The Feds and Higher Education Through A Different Lens

The story the American higher education over the past century is a tale of increased access, influence, scope, and scale. Viewed at a macro level, American higher education has become central to the nation’s economy, power, and role in the world. How that happened is the focus of Christopher P. Loss’s Between Citizens and the State: The Politics of American Higher Education in the 20th Century. Loss, a historian of higher education at Vanderbilt University, has a provocative take on the big picture. Drawing on concepts, narratives, and big picture legislative achievements, he avoids a narrative based on budgets, funding formulas, or legislative horse-trading. His agenda is  different. The argument is about broad trends between the state (the federal government) and higher education, a “para-state.”

Loss sees the “state” and “higher education” as relatively stable rational actors over time. Each has aims and priorities which they steadily pursue. They align, coming together at certain points in time and over certain issues. In other periods or with other issues, they are in conflict. Higher education, Loss asserts, is a key mediating influence between the public and the government.  This underlying utility is a key way to understand the symbiotic growth of federal power and higher education. Through this perspective, Loss can advance broad and interesting claims about critical trends: the administrative state and higher education in the New Deal; the citizen-soldier agenda of World War II, the global citizens of the Cold War; and the rights revolution in higher education and government. Anchoring this is focus on three critical pieces of legislation: The GI Bill in 1944, the National Defense Education Act in 1958, and the Higher Education Act of 1965. Loss draws on much more than legislation. He pulls in the voices of faculty, staff, students, lobbyists, legislators, and the community, to advance his claims. Loss believes that at its very foundation, higher education has pursued a consistent mission to educate citizens for life in democracy.

Giving Between Citizens and the State an unexpected twist is Loss’s interest in the rise and influence of psychology. While the discipline has not received the federal funding of other major sciences, and it may occupy a somewhat less prestigious perch within the academy, psychology has functioned critically in the role of state-public mediation. Loss elevates unfamiliar pioneers in psychology and schools of psychology thought within his larger context. He argues that psychologists proposed new and influential ways about how we think about human interaction, how we attempt to control human behavior, and how we yoke the social sciences and the higher educational system in pursuit of broader economic, political, and social aims.
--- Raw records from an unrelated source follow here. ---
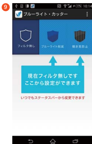
「ブルーライト・カッター」が使用できるようになります。
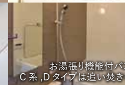
お湯張り機能付バス C系,Dタイプは追い焚きも
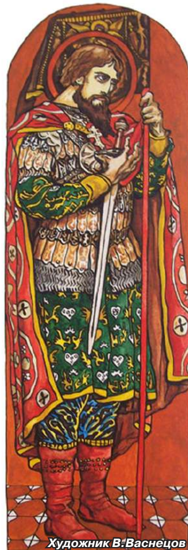
Художник В. Васнецов

Князь Александр Ярославич Невский (1221-1263) в разное время имел титулы князя Новгородского, Киевского, а впоследствии великого князя Владимирского. Прозвище Невский он получил после победы над шведским войском в битве 15 июля 1240 года. Он одержал множество военных побед, а также прославился как политик и дипломат. А.Невский считается покровителем дипломатов.

While I do not believe that Loss’s arguments necessarily offer the best or most persuasive lens to make sense of the longue duree of higher education and federal power, it does reframe and problematize communication and influence between citizen, state, and educational institution. Loss’s situation of higher education as a mediating influence between citizen and state carries with it assumptions about responsibility and accountability. I wonder, though, if we are now in an environment where state actors increasingly see themselves as mediating between citizen and higher educational institution. The shifting nature of financial aid and funding structures, for example, can complicate who is serving whose interest. The rising partisan politicization of what functions institutions of higher education call into question these foundational relationships.

Between Citizens and the State is a thought-provoking and informative take on American higher educational history.

David Potash

One Comment

  1. First, I should acknowledge that I haven’t read the book, and so my criticism of Loss is probably at least partly wrong.

    Judging from your review, it sounds to me as if Loss rather misses a key element of both the purpose and the origin of the links between the state and the ‘para-state’ of higher education. American higher education was founded to serve the upper class by both developing them academically/spiritually, and providing them with an environment in which they can be thoroughly socialized by, and with, other élites. At the risk of sounding too Marxian, I would argue this is instrumental in the reproduction of the American upper class, and so drives their interest in the success of these institutions.

    I suppose this role could be construed as supporting democracy, but only to the extent that Oxbridge’s historical role vis-a-vis Parliament could be construed as foundational to British democracy. (I always found it entertaining how Oxbridge’s role in the education of the future state leaders was sufficiently overt to justify Oxford and Cambridge–the university students and faculty, independent of the towns–being given their own Parliamentary constituency).

    Most American politicians were historically from upper-class backgrounds. Today, this is not necessarily true, but those party members who aren’t from upper-class backgrounds have typically been inculcated with the prevailing values of the American upper class: tolerance, cosmopolitanism, and a polite late-Niebuhr capitalism. The responsibility of this inculcation now falls to universities, as breeding and family background are now no longer strictly necessary to enter politics. This furthers a mutualistic relationship between the para-state of élite higher ed institutions, and their alumni, who now comprise the upper rungs of the state.

    However, I am presupposing some focus on élite institutions in the book. I am sure that Loss departs from them in discussion of the GI Bill etc. At any rate, it’s worth picking up a copy of the book to see if my suppositions are at all founded.